§ **What the task asks**
Once you have found the line with "The BMP-1 is" in the records below, retype it and every line after it to the end exactly, with no pictures and nothing more.

§ **Provided data**
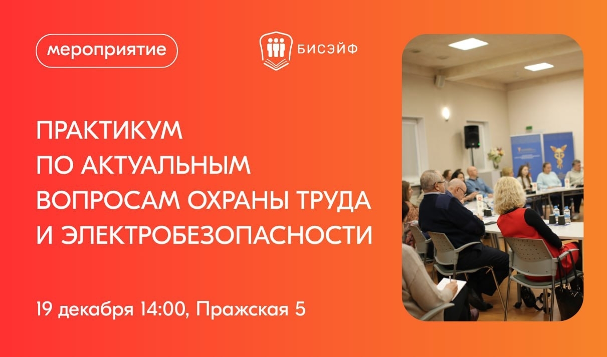 ООО «Учебно-консультационный центр «БИ СЭЙФ» приглашает Вас принять участие в БЕСПЛАТНОМ практикуме: «Экспертный практикум по актуальным вопросам охраны труда и электробезопасности», в ходе которого будет проводитьсясовершенствование навыков оказания первой помощи пострадавшим, увлекательный тим-билдинг по электробезопасности, стратегическая игра «Миссия: ЗАЩИТА».
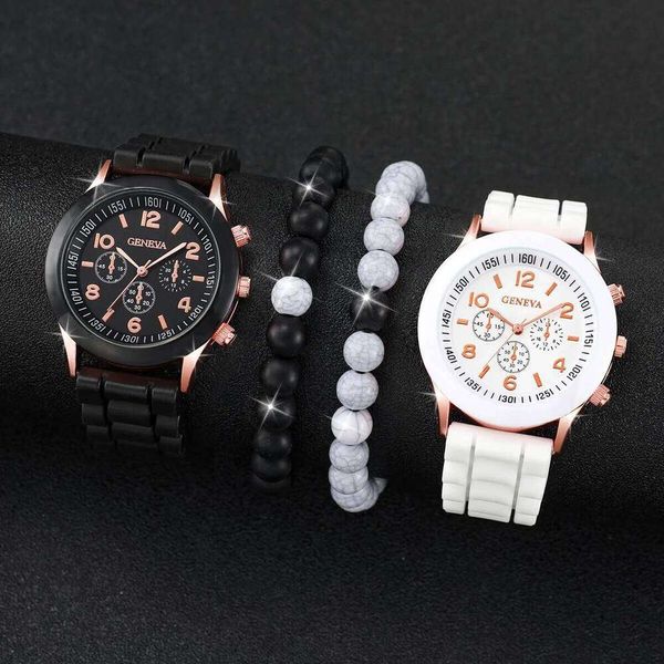 4PCS Couples Fashion Silicone Band Women's Quartz Watch Casual Men's Watches Beads Bracelets Set
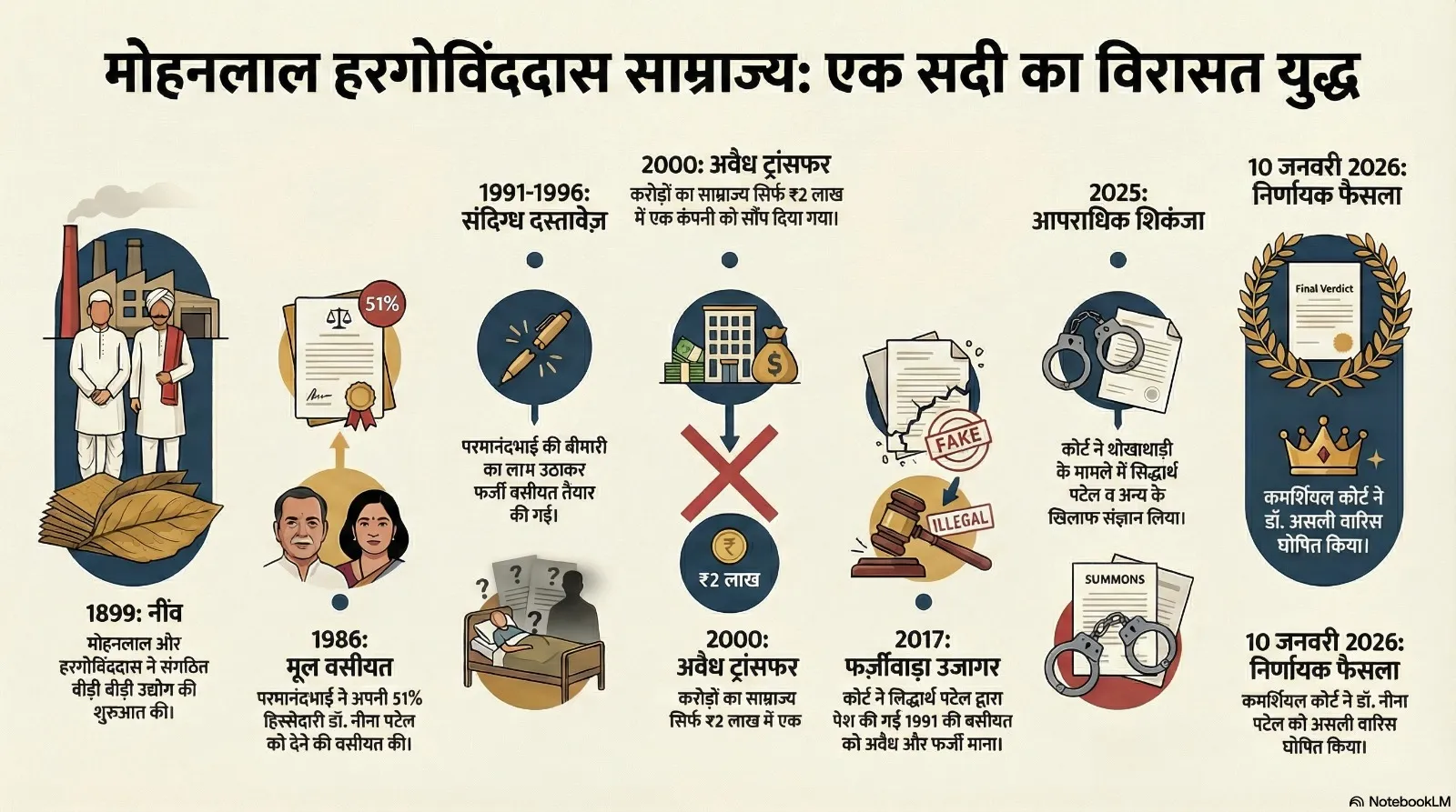 10 जनवरी 2026: निर्णायक फैसला - कमर्शियल कोर्ट ने डॉ. नीना पटेल को असली वारिस माना और अवैध कब्जों को खारिज कर दिया।
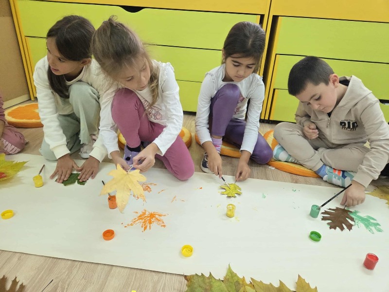 Вдъхновени от красивите есенни листа те сътвориха пано.
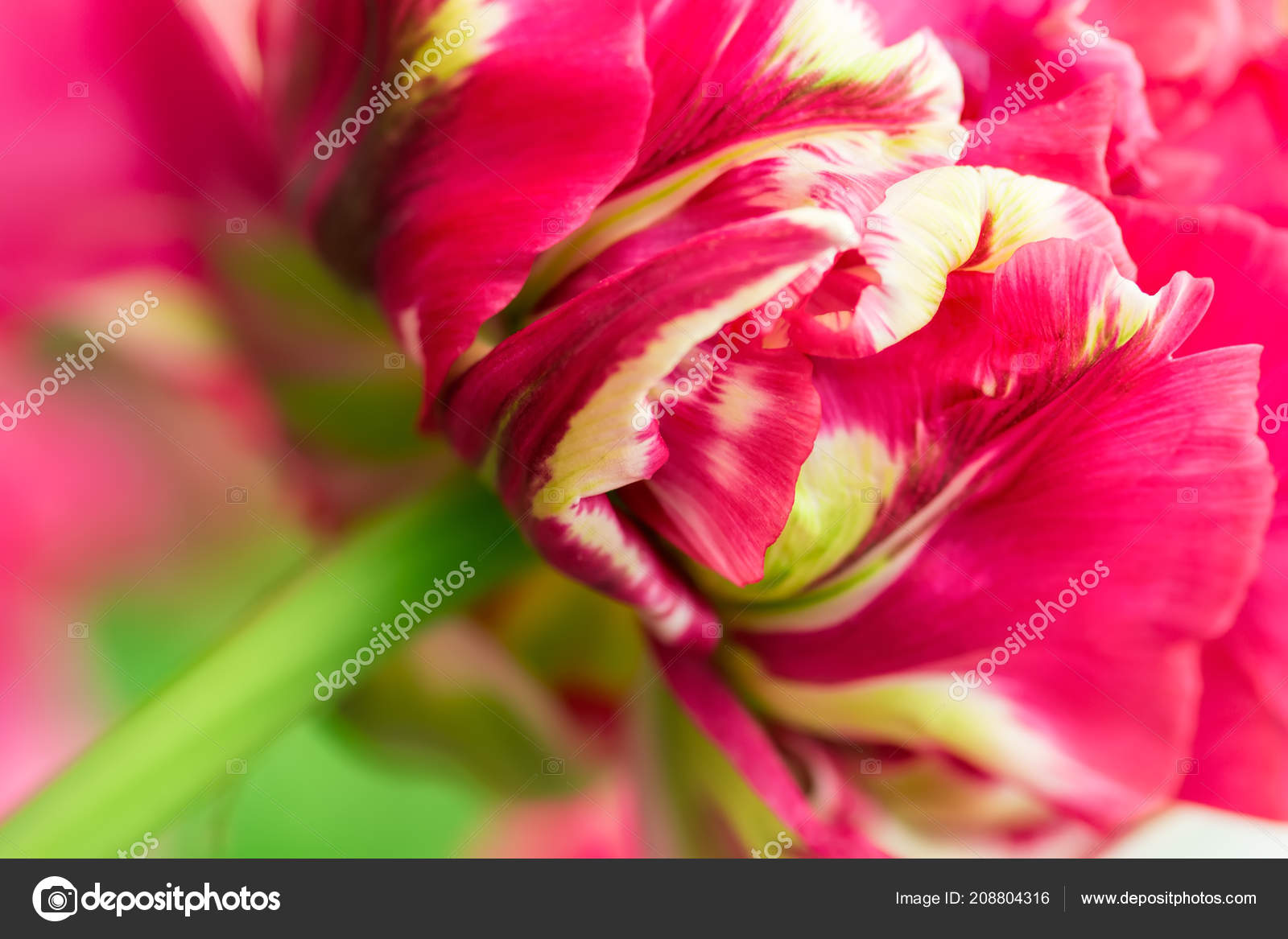 Saturated Magenta Yellow Colored Tulip Flower Close Using Shallow
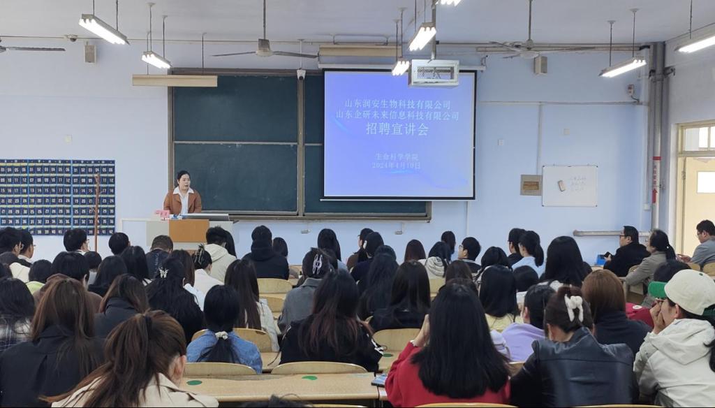 4月10日,为促进毕业生高质量就业,更好地加强与员工企业合作,太阳成集团tyc9728于求实楼0118教室举行山东润安生物科技有限公司与山东企研未来信息科技有限公司专场招聘宣讲会,2024届毕业班师生参加。
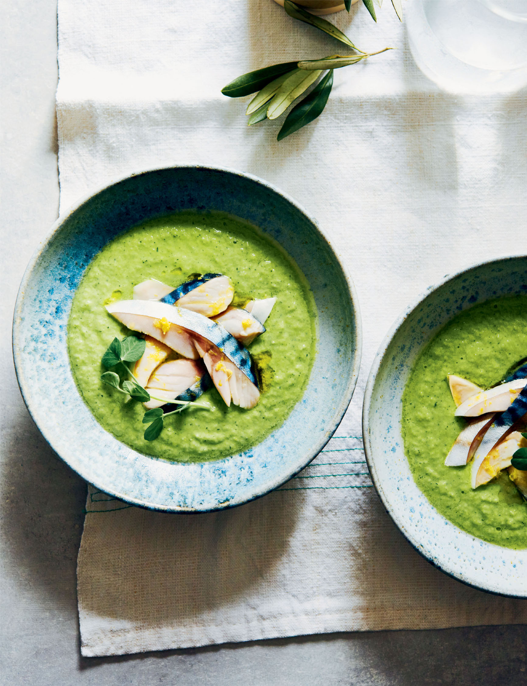 Chilled Summer Garden Soup with Lemon and Mackerel
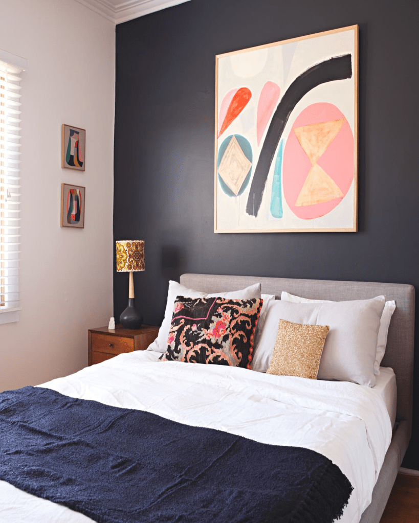 1. Hang Vibrant Artwork Bedroom
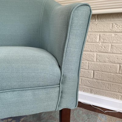 Homepop's Chunky Textured Accent Chair in a modern tub chair style will add fun and fashion to your living room, bedroom or entryway. Covered in a chunky textured solid fabric, this tub chair offers a modern take on a traditional look. This best-selling style is available in a range of chunky solid textured fabrics on wooden legs in a driftwood finish. Medium firm cushion allows for comfort and durability. Make a singular statement or pair two together for a bold seating solution. Easy to assemble and maintain. Please note that fabric and wood colors may appear slightly different due to variations in lighting or screen settings.
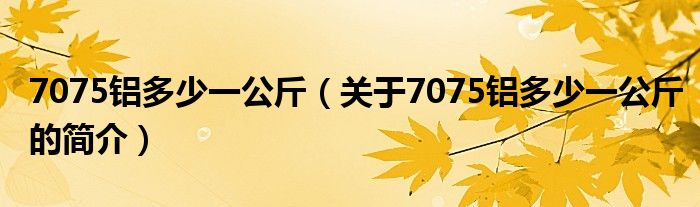 本文關于7075鋁多少一公斤的簡介就講解完畢,希望對大家有所幫助。
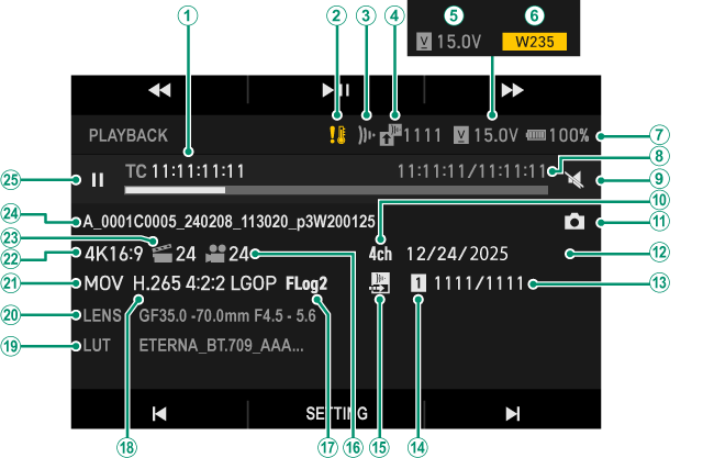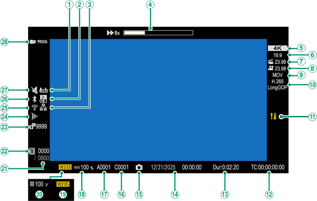 The following information is displayed on the side monitors and LCD monitor during playback.
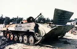 The BMP-1 is a Soviet amphibious tracked infantry fighting vehicle that has been in service from 1966 to the present. BMP stands for Boyevaya Mashina Pyekhoty 1 (Russian: Боевая Машина Пехоты 1; БМП-1), meaning "infantry fighting vehicle, 1st serial model".[13] The BMP-1 was the first mass-produced infantry fighting vehicle (IFV) of the Soviet Union.[10][14] It was called the M-1967, BMP and BMP-76PB by NATO before its correct designation was known.[15][16]
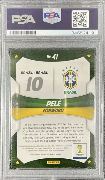 This is a Pele Signed 2014 Panini Prizm World Cup Stars #41 - PSA 10 Autograph. THE ITEM IN THE PICTURE IS A STOCK IMAGE. YOU WILL RECEIVE AN IDENTICAL ITEM OF EQUAL QUALITY. ALL JERSEYS ARE SIZE LARGE. Every item of signed memorabilia we sell is official and of the highest quality. We pride ourselves on providing sports fans with the most exclusive signed memorabilia on the market. We are an industry leading signed memorabilia company who can guarantee 100% authenticity on every signature we sell. The item you receive will be identical to the one you are seeing in the stock pictures. This includes the item, the authentication company, signature color and signature placement. We take pride in ensuring the authenticity of all our items. With unwavering commitment, we guarantee that every signature is 100% authentic. Every item of signed memorabilia comes with a scannable barcode which takes you to the certificate of authenticity on the company's website. These industry leading authentication companies include Beckett Authentication Services, James Spencer Authentication Services and Professional Sports Authentication Services.
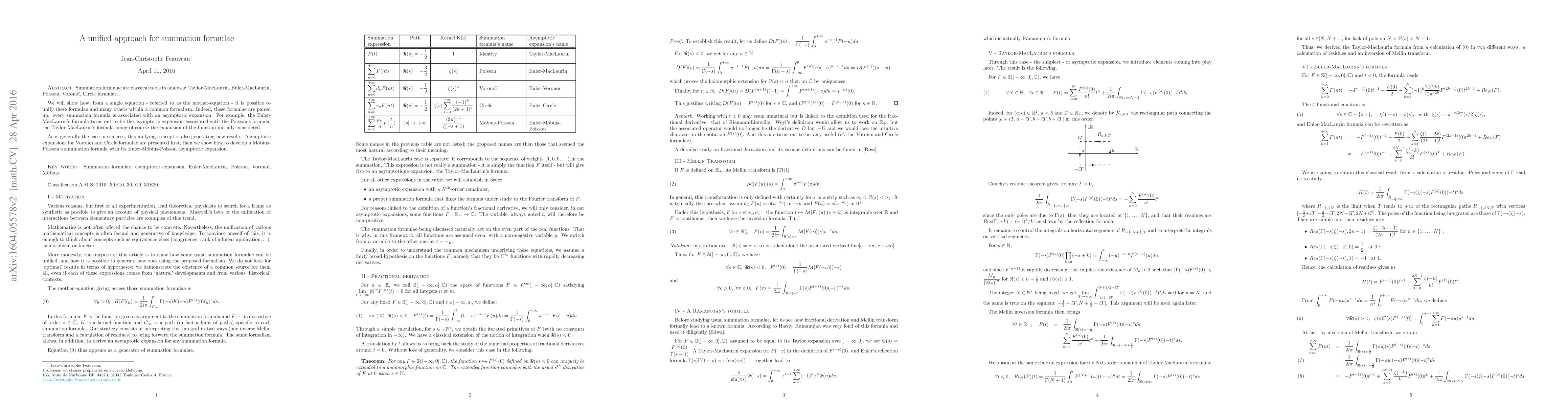 The paper presents a unified approach for summation formulae by deriving them from a single 'mother-equation', linking summation formulae with asymptotic expansions.

§ **Exercise answer**
 The BMP-1 is a Soviet amphibious tracked infantry fighting vehicle that has been in service from 1966 to the present. BMP stands for Boyevaya Mashina Pyekhoty 1 (Russian: Боевая Машина Пехоты 1; БМП-1), meaning "infantry fighting vehicle, 1st serial model".[13] The BMP-1 was the first mass-produced infantry fighting vehicle (IFV) of the Soviet Union.[10][14] It was called the M-1967, BMP and BMP-76PB by NATO before its correct designation was known.[15][16]
 This is a Pele Signed 2014 Panini Prizm World Cup Stars #41 - PSA 10 Autograph. THE ITEM IN THE PICTURE IS A STOCK IMAGE. YOU WILL RECEIVE AN IDENTICAL ITEM OF EQUAL QUALITY. ALL JERSEYS ARE SIZE LARGE. Every item of signed memorabilia we sell is official and of the highest quality. We pride ourselves on providing sports fans with the most exclusive signed memorabilia on the market. We are an industry leading signed memorabilia company who can guarantee 100% authenticity on every signature we sell. The item you receive will be identical to the one you are seeing in the stock pictures. This includes the item, the authentication company, signature color and signature placement. We take pride in ensuring the authenticity of all our items. With unwavering commitment, we guarantee that every signature is 100% authentic. Every item of signed memorabilia comes with a scannable barcode which takes you to the certificate of authenticity on the company's website. These industry leading authentication companies include Beckett Authentication Services, James Spencer Authentication Services and Professional Sports Authentication Services.
 The paper presents a unified approach for summation formulae by deriving them from a single 'mother-equation', linking summation formulae with asymptotic expansions.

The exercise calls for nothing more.